Goal of the exercise
Work through the listing below and give again exactly the lines from the one with "All in i 6 sockets" to the one with "2025年のグループ別世界販", both ends included. All other lines and all pictures stay out.

--- Supplied material ---

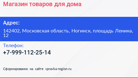 Магазин товаров для дома по адресу 142402, Московская область, Ногинск, площадь Ленина, 12 в дальнейшем Организация, размещена в следующих категориях:
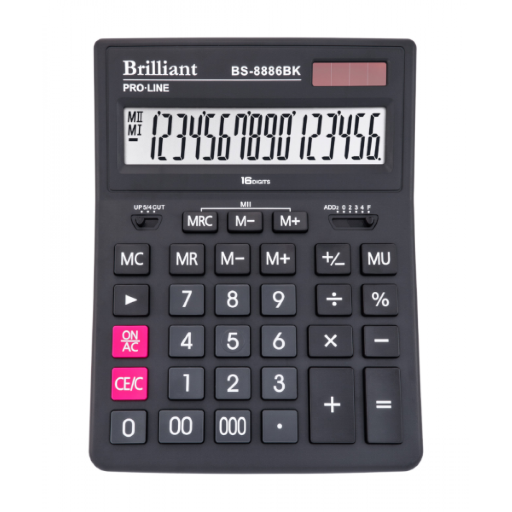 16-розрядів (кількість цифр на екрані), дворівнева пам'ять, клавіша операції "підвищення ціни", клавіша зміни знака числа, клавіша видалення останньої цифри, клавіша "00", перемикач "Режим округлення", перемикач "Кількість знаків після коми", пластикові клавіші, захист від залипання клавіш, автовимкнення живлення, літієва батарея живлення, сонячна батарея, розміри: 155х205х35 мм, вага: 204 г
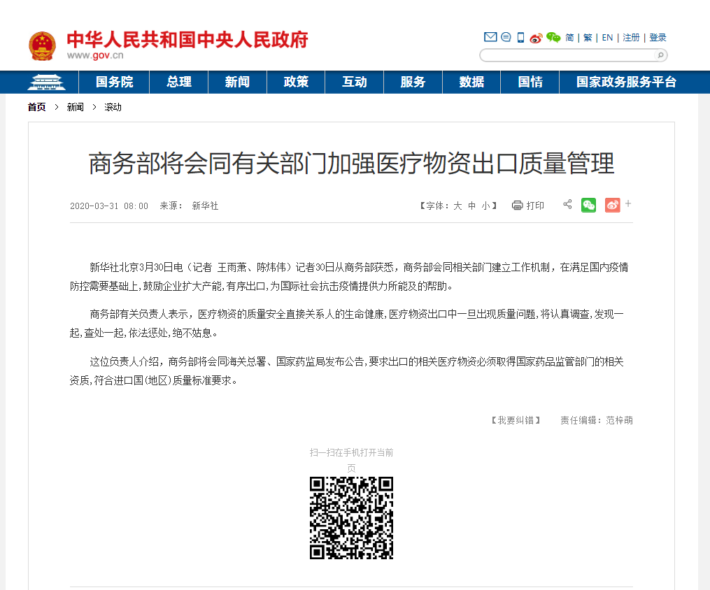 政策解读:国家讲了首先要鼓励企业扩大产能,有序出口,为国际社会贡献力量。同时要求出口相关医疗物资必须取得国家药品监管部门的相关资质,符合进口国(地区)质量标准要求。如果出现质量问题,将认真调查,发现一起,查处一起,依法严惩。
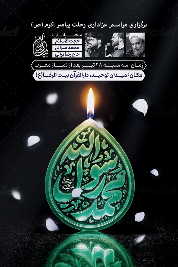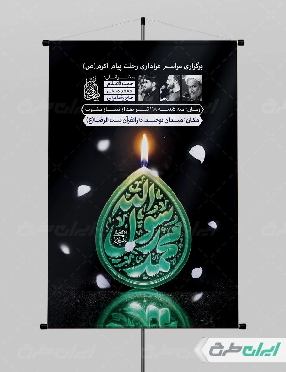 طرح بنر رحلت پیامبر اکرم، توسط تیم با تجربه ایران طرح جهت استفاده کاربران سایت طراحی و به صورت لایه باز در دسترس کاربران قرار گرفته است.
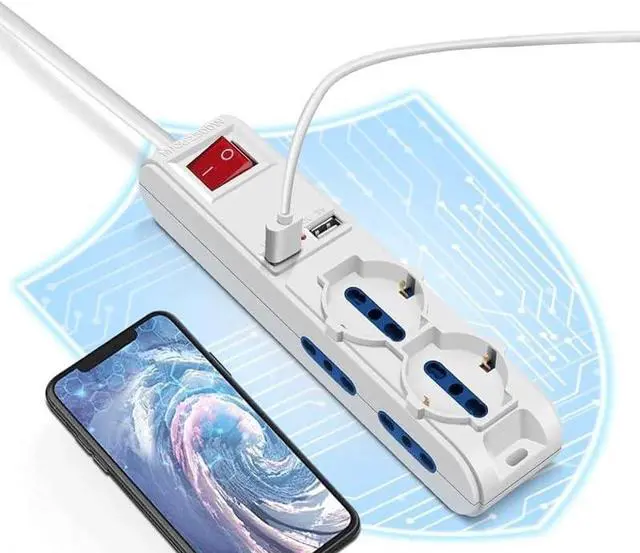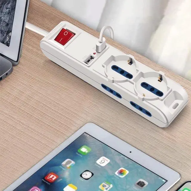 All in i 6 sockets + 2USB include 2 multiple sockets and 4 Italian sockets for 10 / 16A plug, which can charge the 6 devices at the same time.
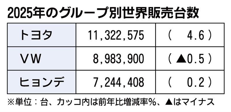 2025年のグループ別世界販売台数で、トヨタ自動車グループが6年連続で世界首位となった。ダイハツ工業と日野自動車を含むグループの世界販売台数が前年比4.6%増の1132万2575台と2年ぶりにプラスに転じ、過去最高を記録した。2位のフォルク...
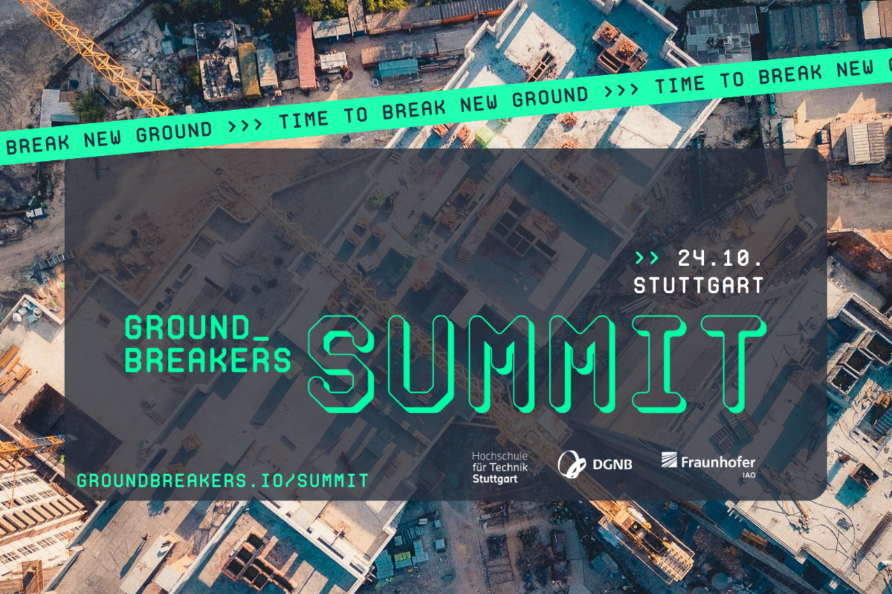 Veranstaltet wird der Summit von GROUNDBREAKERS, eine Initiative der HFT Stuttgart, der DGNB und dem Fraunhofer IAO. Mit dem gleichnamigen Accelerator, gefördert durch das Wirtschaftsministerium Baden-Württemberg, unterstützt die Initiative Gründungsteams bei ihren Ideen und Vorhaben für die Bau- und Gebäudewirtschaft und vernetzt sie mit Bauunternehmen.
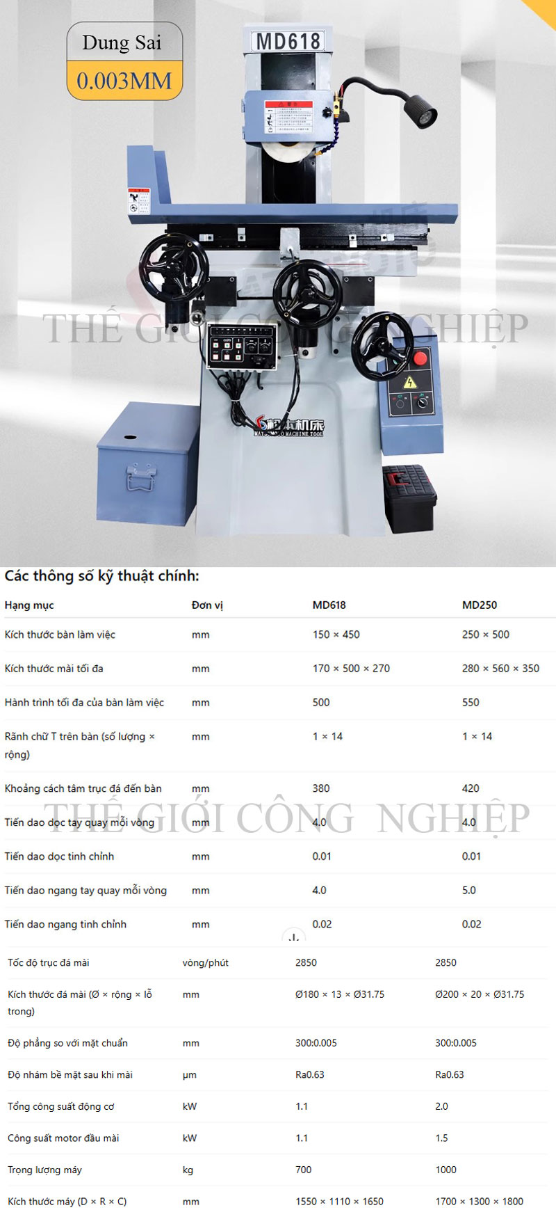 Máy mài phẳng mini M618 tự động là thiết bị chuyên dùng để gia công bề mặt phẳng với độ chính xác cao, thích hợp cho các chi tiết nhỏ trong ngành khuôn mẫu, cơ khí chính xác, điện tử và gia công kim loại. Máy được thiết kế nhỏ gọn, dễ vận hành, phù hợp cho xưởng vừa và nhỏ, trường dạy nghề hoặc trung tâm nghiên cứu.
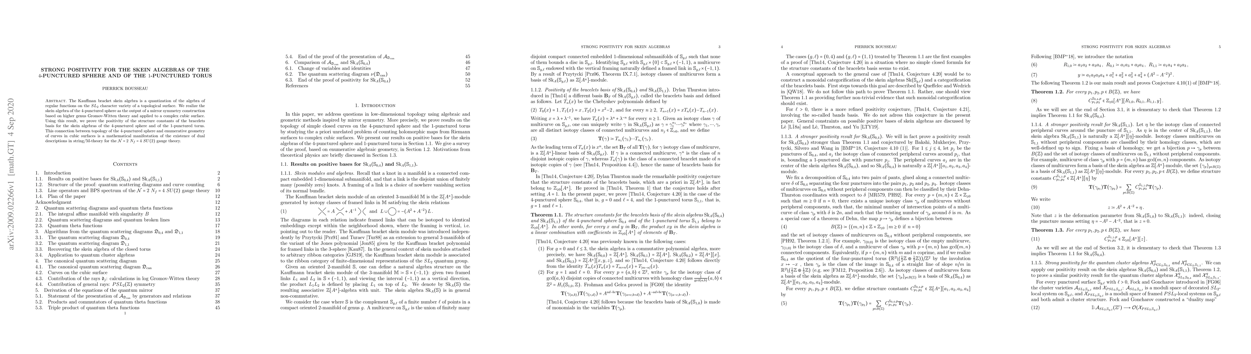 The Kauffman bracket skein algebra is a quantization of the algebra of regular functions on the $SL_2$ character variety of a topological surface. We realize the skein algebra of the $4$-punctured sphere as the output of a mirror symmetry construction based on higher genus Gromov-Witten theory and applied to a complex cubic surface. Using this result, we prove the positivity of the structure constants of the bracelets basis for the skein algebras of the $4$-punctured sphere and of the $1$-punctured torus. This connection between topology of the $4$-punctured sphere and enumerative geometry of curves in cubic surfaces is a mathematical manifestation of the existence of dual descriptions in string/M-theory for the $\mathcal{N}=2$ $N_f=4$ $SU(2)$ gauge theory.
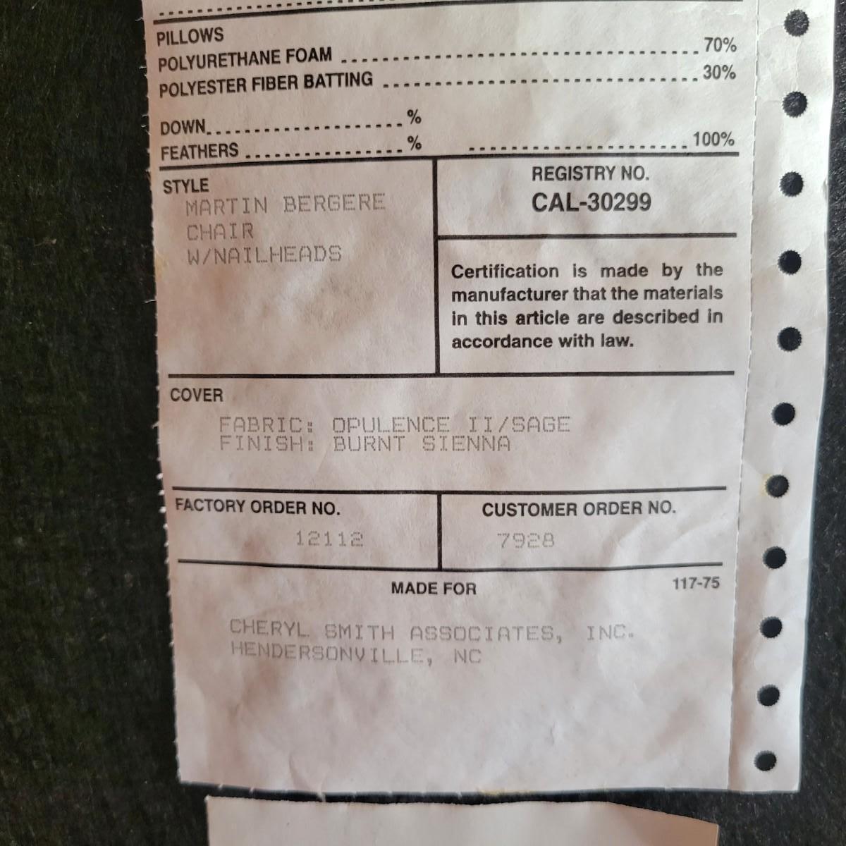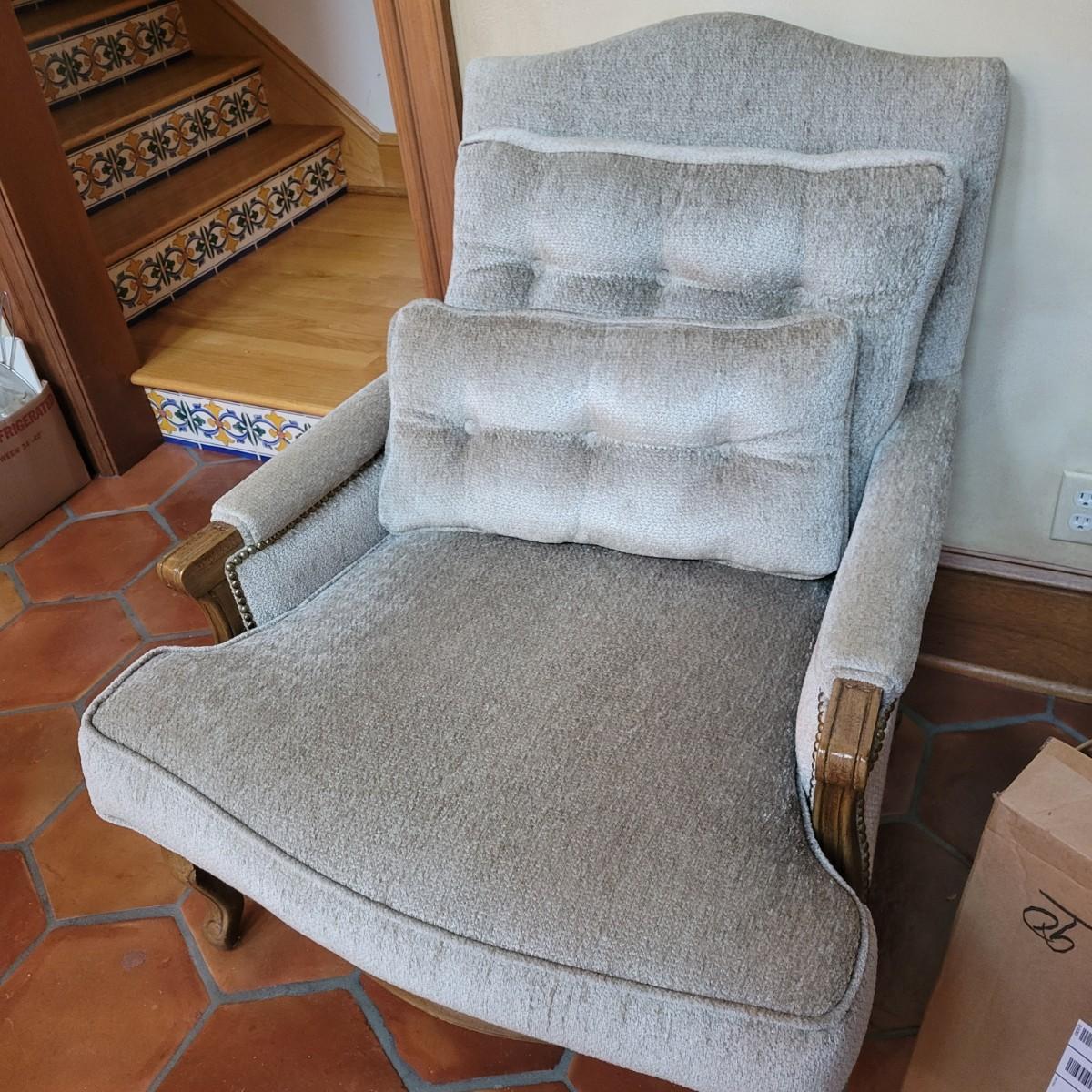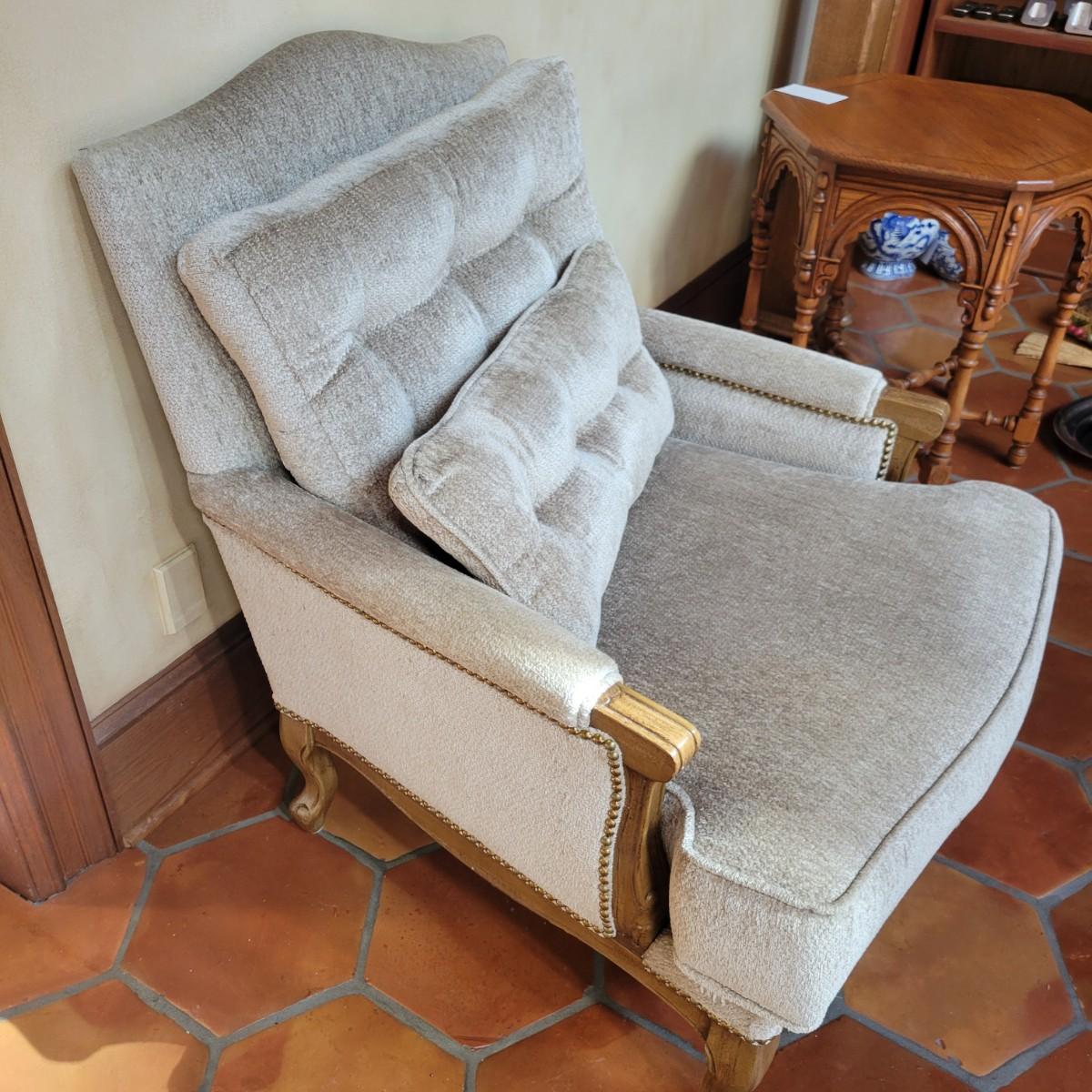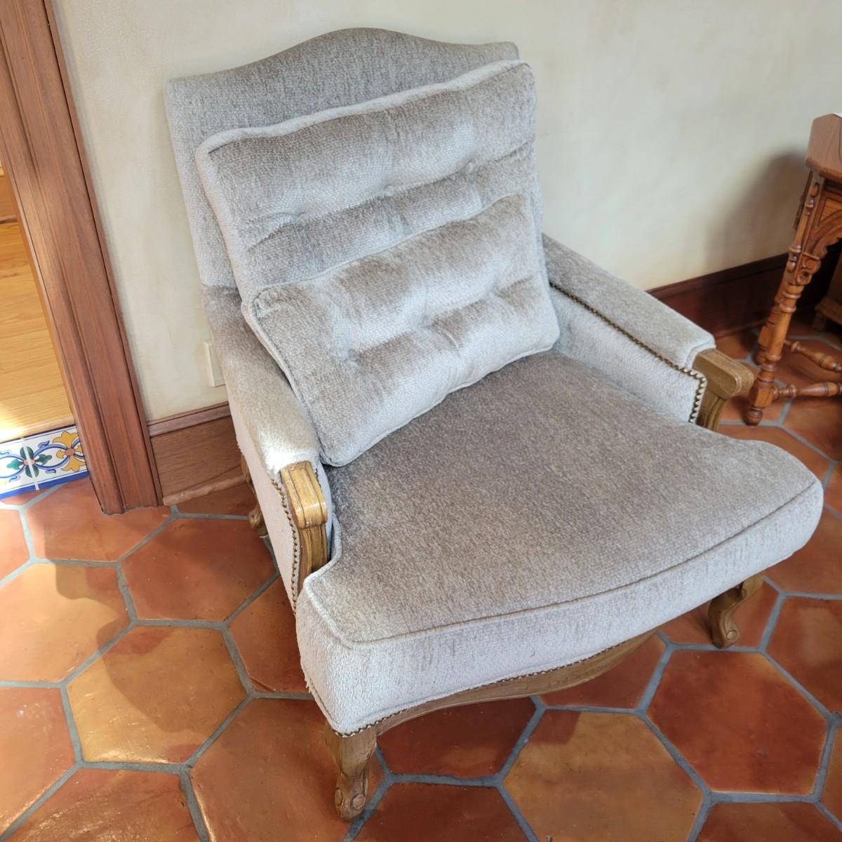 An upholstered Martin Bergere chair that features a wooden frame and brass upholstery tacks. The upholstery is a soft micro fiber in a subtle sage color. It measures approximately 32" x 38" x 38"H with a seat height of 18.5". Local pickup only. Winning bidder must bring assistance to help move and load this item due to its weight and/or size.

---

Expected output
 All in i 6 sockets + 2USB include 2 multiple sockets and 4 Italian sockets for 10 / 16A plug, which can charge the 6 devices at the same time.
 2025年のグループ別世界販売台数で、トヨタ自動車グループが6年連続で世界首位となった。ダイハツ工業と日野自動車を含むグループの世界販売台数が前年比4.6%増の1132万2575台と2年ぶりにプラスに転じ、過去最高を記録した。2位のフォルク...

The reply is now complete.